N.M. : Lorsque la guerre a commencé, je me suis rendu compte que le film contenait la possibilité de cette violence. Le réel enlève finalement toute la dimension humaniste et poétique de ce film. À chaque jour du conflit, des bombes ont détruit des immeubles, des routes, des champs et tué des personnes. Avec ce qu’il s’est passé, ces immeubles, ces routes et ces champs que nous avons filmés font du film une archive, un document du Haut-Karabagh en paix. C’est l’espoir d’un Haut-Karabagh paisible qui était dans le cœur de tous nos interlocuteurs sur place et qui était mon désir qui a été filmé. Si le vent tombe nous rappelle que le monde ne voulait pas voir ce pays sous un cessez-le feu et que, de la même manière, il refuse de le voir quand il est en feu. Le film est donc une preuve de l’existence de ce pays et c’est extrêmement troublant de porter cela : étant cinéaste et non politique, je pense que nous devons cependant accepter ce qu’est devenu le film.
Cette actualité mais aussi la situation sanitaire vont-elles avoir une incidence sur la vie du film, remarqué dans la sélection cannoise et par l'Acid ?
N.M. : Pour dire les choses très simplement, je voulais raconter une toute petite chose, que personne ne voulait alors regarder. Chaque spectateur qui s’intéresse au film parce qu’il a eu connaissance de la guerre est une personne de plus de conquise. Le film a vécu pendant près d’un mois, avant la sortie initialement prévue en novembre dernier et donc reportée, et a été d’abord reçu avec une légèreté et une curiosité pour le pays qui me plaisaient énormément. Dès que la guerre a commencé, la réception est devenue évidemment plus grave puisque ce que je propose au public n’a plus le même détachement au réel. Le film a gardé le témoignage d'une époque révolue en attrapant quelque chose qui n'existe plus. La sortie en Arménie en mars dernier fut un moment très fort émotionnellement. Après une longue attente, c'est avec prudence mais aussi avec joie que je vais présenter le film au public français.

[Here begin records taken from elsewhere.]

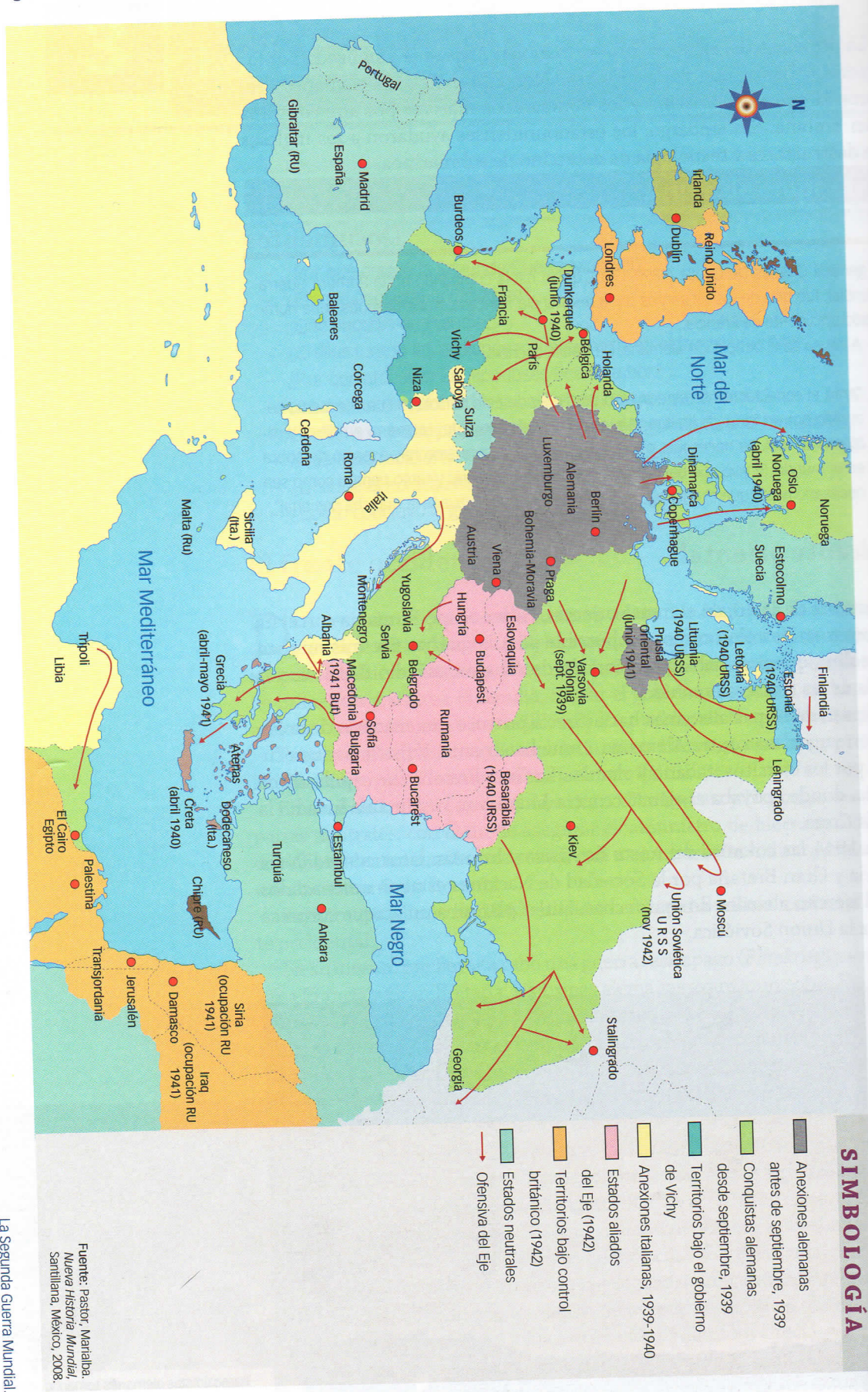
La Segunda Guerra Mundial.

Fuente: Pastor, Mariela. Nueva Historia Mundial , Santillana, México, 2008.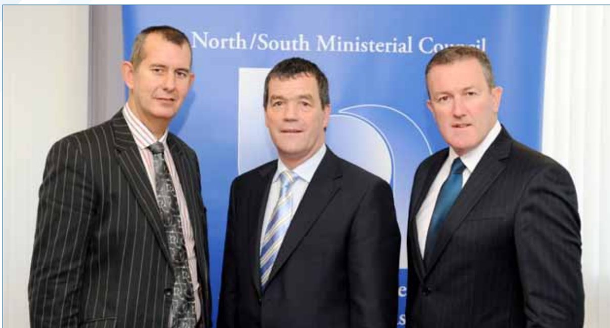
Clé go deas: Edwin Poots CTR, Aire Comhshaoil, Noel Dempsey TD, Aire Iompair agus Conor Murphy MP, CTR, Aire Forbartha Réigiúnaí.

2.6.1 Tháinig CATT le chéile de réir fhormaid na hearnála iompair san Iúir ar 3 Márta agus in Ard Mhacha ar 20 Deireadh Fómhair. D'fhreastail Noel Dempsey TD, Aire Iompair, Edwin Poots CTR, Aire Comhshaoil agus Conor Murphy MP, CTR, Aire Forbartha Réigiúnaí ar an dá chruinniú.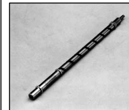
L4.83130.E Focus spindle Fokusspindel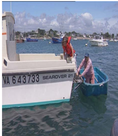
Image 8 - L'annexe

J.P. : Cette sortie officielle en Arménie était très importante puisqu'il s'agissait de la première sortie internationale du film. La productrice arménienne Ani Vorskanyan s'est fortement impliquée pour que cela ait lieu malgré les difficultés financières du pays. Comme Nora, après une longue attente, j'ai envie de montrer ce film qui apporte une forte contribution à la fois d'un point de vue cinématographique mais aussi pour sa dimension politique.